SO, YOU'VE BEEN LAID OFF...
NOW WHAT?
Welcome back to Layoff Season Peaceniks. Let’s see what we can do about it.
Last week, Paramount laid off 1,000 employees - with 1,000 more soon to come.
This, despite the value of the company (nearly) doubling since (The Ellison Family’s backroom deal with The White House to fire Colbert in exchange for) the FCC approval of Skydance’s acquisition.
That pink-slip-athon coincided with Amazon’s 14,000 layoffs - which was straight outta Alanis Morissette’s “Ironic,” because in the very next breath, Amazon reported 3Q earnings that beat Wall Street estimates across the board, with net income up 54% year-on-year.
On their earnings call, Amazon’s Andy Jassy CEO-splained that those thousands of firings are, in fact, “not really financially driven” and “not really AI-driven,” but rather the mass career killing was due to (checks notes) “culture.”

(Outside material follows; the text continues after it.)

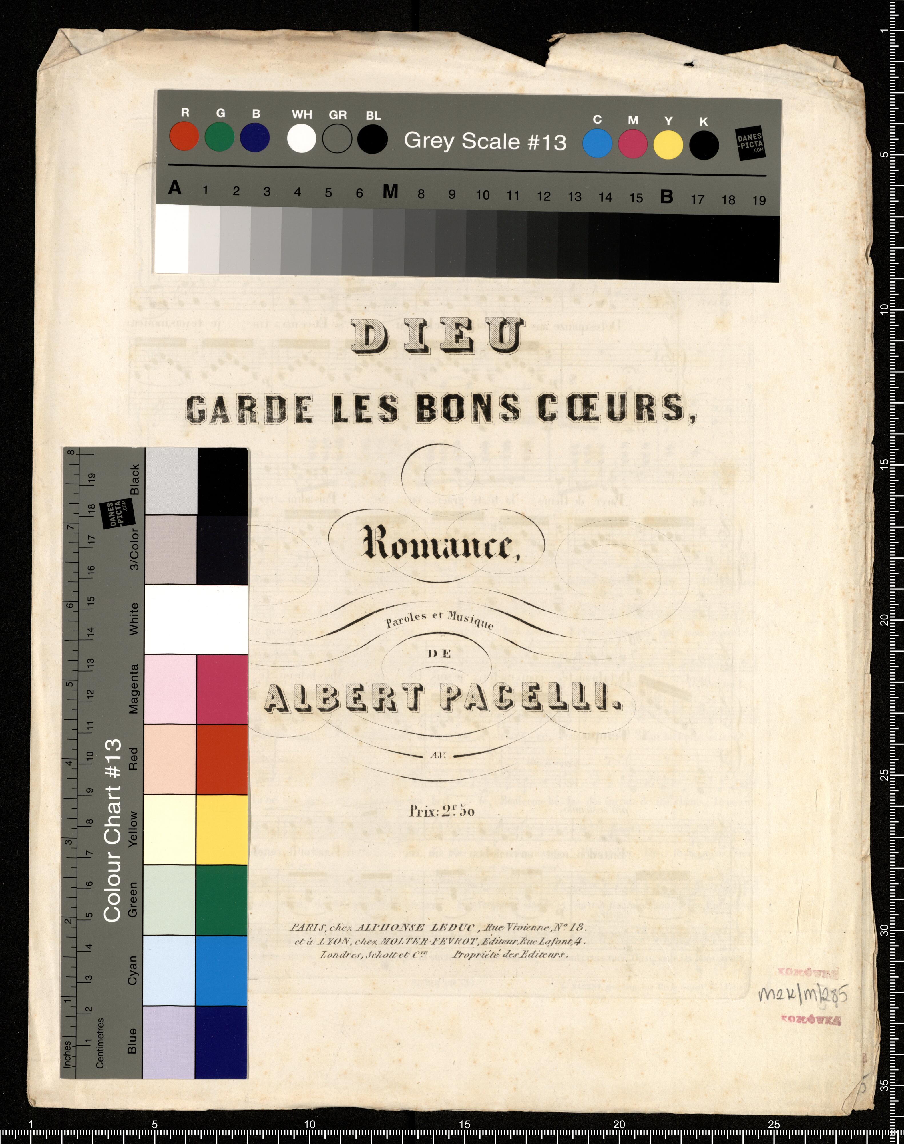 à M|l|l|e Alexandrine de Grailhe. | DIEU | GARDE LES BONS CŒURS, Romance, Paroles et Musique | DE | ALBERT PACELLI. | A.V. | Prix: 2|f 50 | PARIS, chez ALPHONS LEDUC, Rue Vivienne, 18. | et à LYON, chez MOLTER FEVROT, Editeur, Rue Lafont, N|o 4. | Londres, Schott et C|i|e Propriété des Editeurs

Meanwhile, Warner Bros. Discovery (aka Disco Bros), the dumpster fire that Zaslav built, has splayed itself across a card table on Hollywood Boulevard, in one of the most embarrassing garage sales in Media History. This, after Zas all-but destroyed this once great suite of entertainment brands, costing more than three thousand people their livelihoods.
Nearly 100,000 Media professionals have been laid off since the start of 2022 (40,000 in LA county alone). Another 500,000 jobs have been eliminated in Big Tech.
Unfortunately, countless of those shitcanned these last three years are finding it hard (if not impossible) to reboot their Media careers and find a new normal. That’s because Traditional Media in the midst of a systemic collapse. This is not hyperbole. This is reality. And, mark my words, we are not even close to the end of this horrendous ride.
The supernaturally-compensated CEOs of these companies have repeatedly proven these last few years that they do not see the people behind the pink slips - they only see columns on spreadsheets - like bunkered drone operators bombing dots on the ground beneath them. It is this mindset that leads WBD to pay Zaslav $155 million as he lays waste to WBD (Zas gets half-a-billion more if he sells the company); the motivation that gives Nepo Kid Ellison and Jeff Shell $100 million each over the next five years in the bloody wake of their two-thousand-head “Kill List;” the system that paid Jassy $151 million since 2022, as he eliminated 27,000 Amazon employees.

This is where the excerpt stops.